Rodney Dangerfield Quotes
Rodney Dangerfield was without doubt one of the sharpest, funniest, and ingenious stand-up comedians that ever took the stage. His constant state of "getting no respect" ignited some of the world's greatest on-liners.
Rodney Dangerfield (November 22, 1921 – October 5, 2004), born Jacob Cohen, was an American comedian and actor, best known for the catchphrases "I don't get no respect"
or "I get no respect"
and his monologues on that theme.
He is also famous for his 1980s film roles, most notably in Caddyshack and Back To School.
His big break came when he filled in a slot at the last minute on the Ed Sullivan Show.
Dangerfield was born on Long Island in the town of Babylon, the son of Jewish parents. His father was the vaudevillian performer Phil Roy (Philip Cohen). His ancestors came to the United States from Hungary. He would later say that his father "was never home — he was out looking to make other kids," and that his mother "brought him up all wrong."
As a teenager, he got his start writing jokes for standup comics; he became one himself at 19 under the name Jack Roy.
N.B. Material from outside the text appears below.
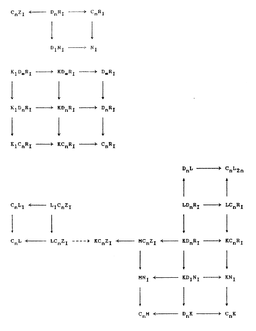 For a derivation of groups of the type KNI, desymmetrizations of groups of the type KC2nRI, somewhat more frequent in ornamental art, are also used. Besides the classical-symmetry desymmetrizations, the antisymmetry desymmetrizations resulting in the conformal antisymmetry groups of the type KC2nRI/KNI, discussed in the classical theory of symmetry within the type KNI, are frequent.

He struggled financially for nine years, at one point performing as a singing waiter (he was fired), and also working as a performing acrobatic diver before giving up show business to take a job selling aluminum siding to support his wife and family. He later said that he was so little known then that "at the time I quit, I was the only one who knew I quit!"
In the early 1960s he started down what would be a long road toward rehabilitating his career, still working as a salesman by day. He came to realize that what he lacked was an "image" — a well-defined on-stage persona that audiences could relate to and that would distinguish him from similar comics.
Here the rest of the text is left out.